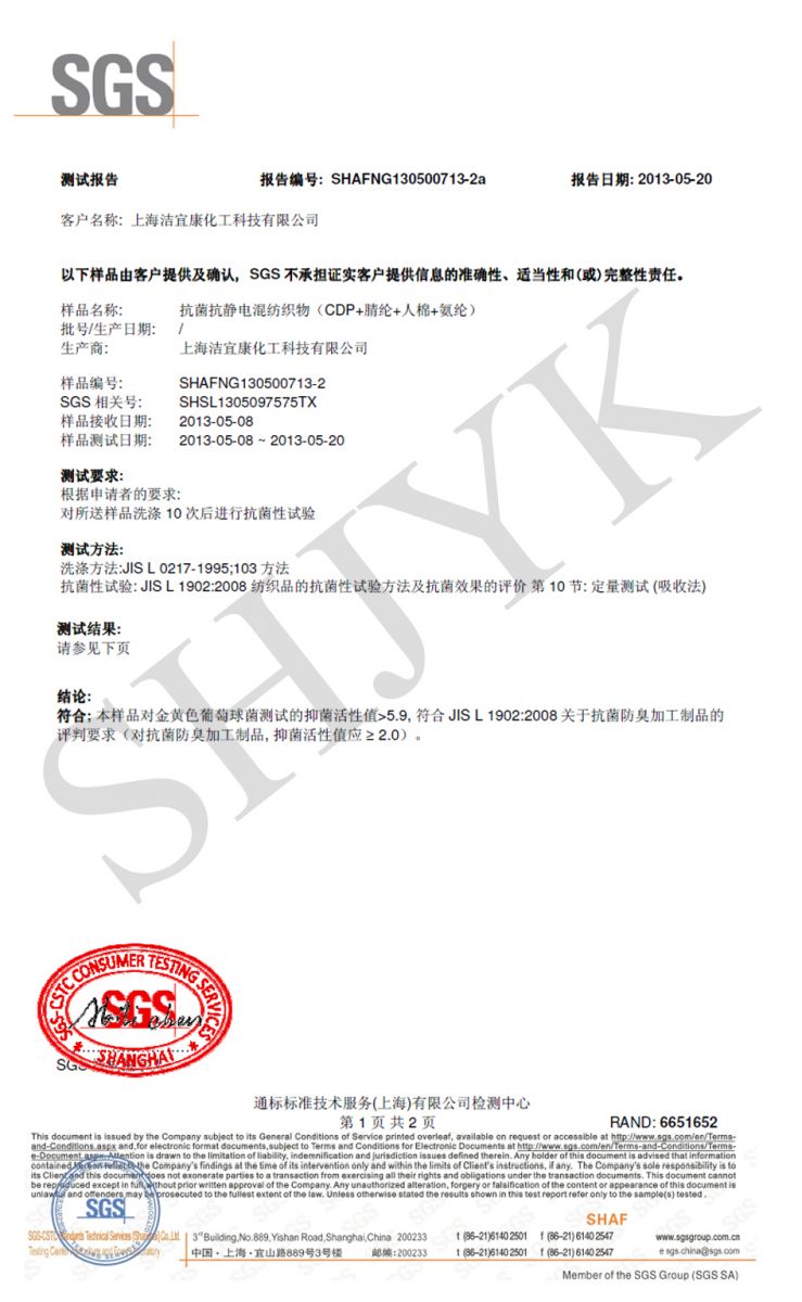 抗菌测试 (W=10)-抗菌抗静电混纺织物--SGS
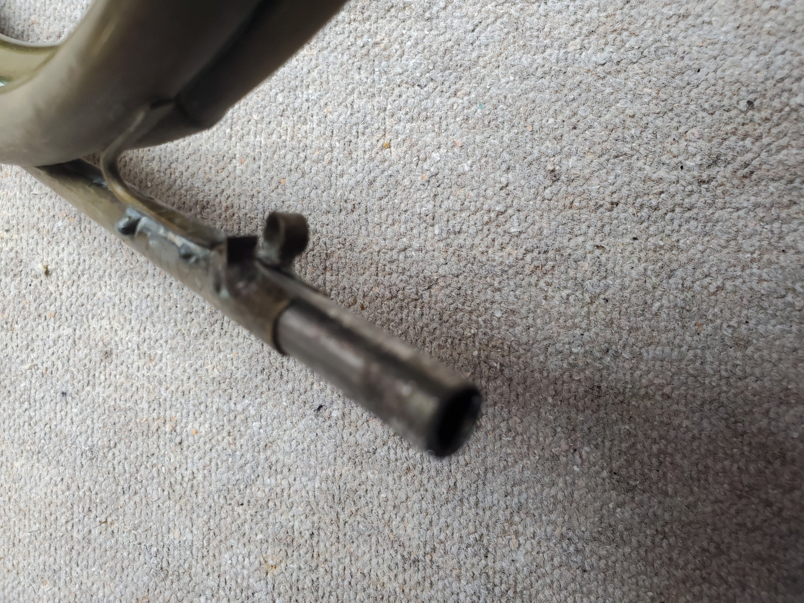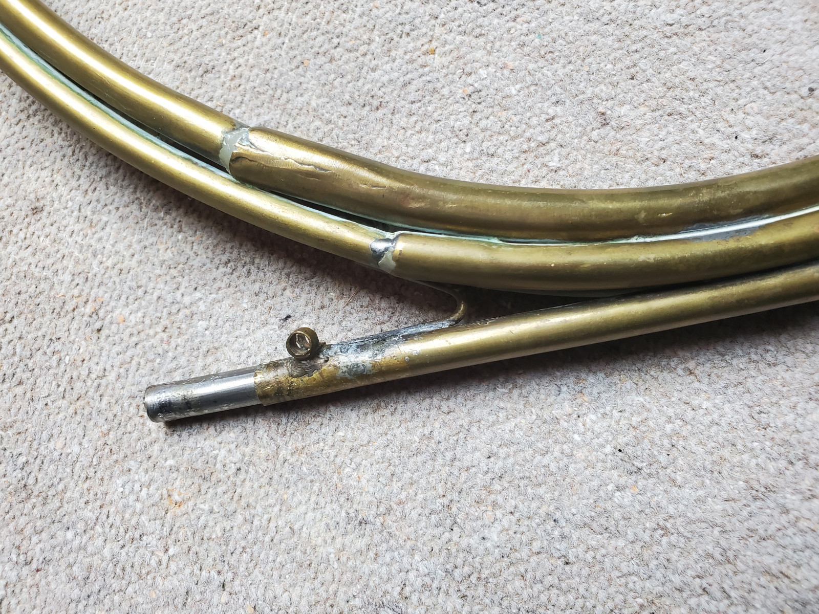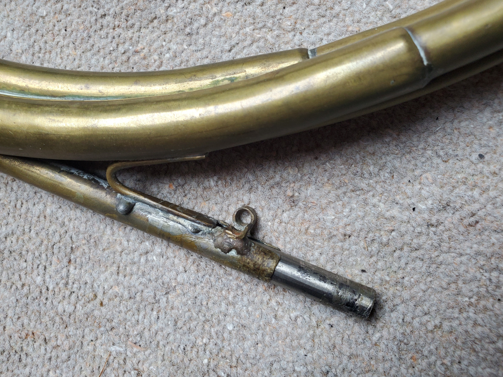 Großes altes Horn. Das Instrument muss überholt, repariert und gereinigt / aufpoliert werden. Einen Herstellerhinweis habe ich nicht entdeckt. Das Instrument muss am Stimmzug (Mundrohr) repariert und ergänzt werden. , Bitte beachten Sie sämtliche Photos! . Der Zustand ist auf den Bildern recht gut zu erkennen. Trichterdurchmesser ca.26 cm. Auf dem Trichter stehend, ist das Instrument ca. 45 cm hoch. Die Stimmung ist mir leider nicht bekannt. Das Instrument muss überholt, gereinigt und repariert werden. International bidders are welcome. old parforcehorn , needs repair.
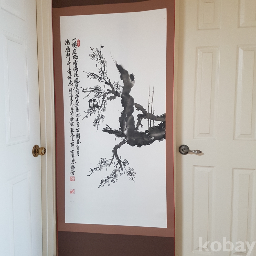 갈필로 유명하신 금석일님 미사용 매화그림 족자1점
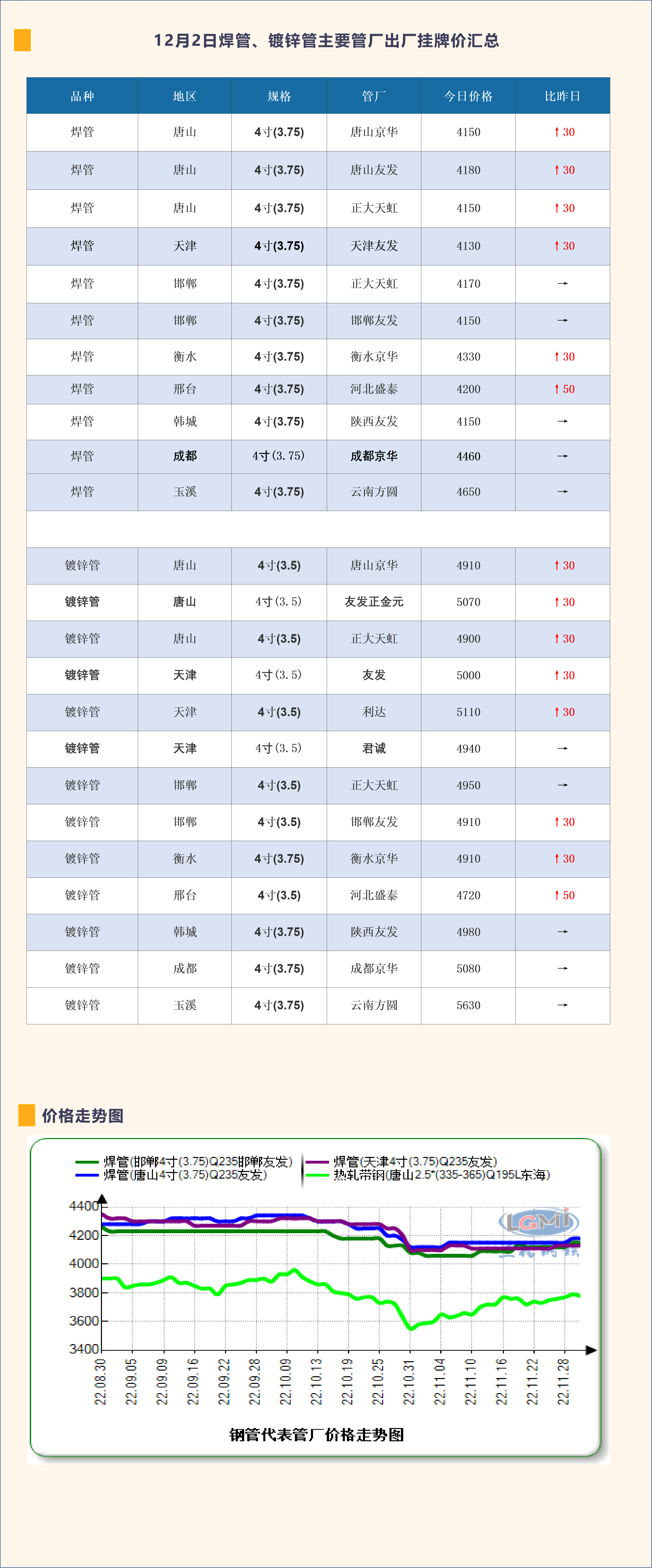 12月2日天津友发钢管集团股份有限公司第一分公司出厂价上调30
▬▬▬▬▬▬▬▬▬▬
What to do
Your output should consist solely of the lines from the line containing "갈필로 유명하신 금석일님 미사용 매화그림 족자1점" through the end of the data above, copied exactly, with images removed.

Task answer
 갈필로 유명하신 금석일님 미사용 매화그림 족자1점
 12月2日天津友发钢管集团股份有限公司第一分公司出厂价上调30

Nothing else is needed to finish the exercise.